During my talk at CodeGate, I pointed out that one of the main drawbacks was the fact that with Objective-C we have a useless callgraph, because all calls (take all not as 100% but as a really high percentage) are made to the method objc_msgSend() as you can see in this sample callgraph:

Original callgraph of an iPhone Objective-C sample

The red dots are methods and arrows represent calls. There’s only one arrow per dot because we removed duplicates to simplify it. The three top-called functions are three different flavours of msgSend: the standard one (objc_msgSend); the one to send messages to the super-class (objc_msgSend_Super); and the standard one that returns a struct instead of an integer (objc_msgSend_stret).

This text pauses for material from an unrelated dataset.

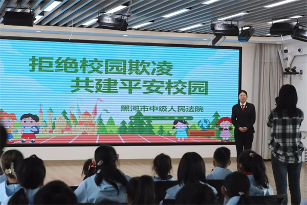 万物争春发,不肯待骄阳。为进一步筑牢校园安全防线,保障青少年身心健康,全力构建平安和谐的育人氛围,近日,黑河小学法治副校长走进校园,面向全校师生开展防范校园欺凌法治宣传活动。黑河中院未成年庭干警付雯雯以贴近生活的事例为主线进行授课,为在校师生详细讲解了什么是校园欺凌、校园欺凌的常见形式以及如..

Continuing with the presentation, in the last part I used an script to patch the calls to objc_msgSend() and make the callgraph a bit more useful. Basically the script parses the calls to objc_msgSend() and traces the arguments passed in R0 and R1 that are the target class and method name. That way, the script creates a new segment in the binary where it places dummy functions with the names “classname_methodname” and patches the call to objc_msgSend() to point to the corresponding dummy-function. The callgraph after using the script looks a bit better (in blue the dummy functions):

Callgraph of the same sample after using the script

As promised, the script has been released and you can download it from the zynamics GitHub account. This is an initial version with only the objc_msgSend() patching. We will be updating the script with the tricks disclosed in further posts, including a few improvements and adding static Objective-C class reconstruction.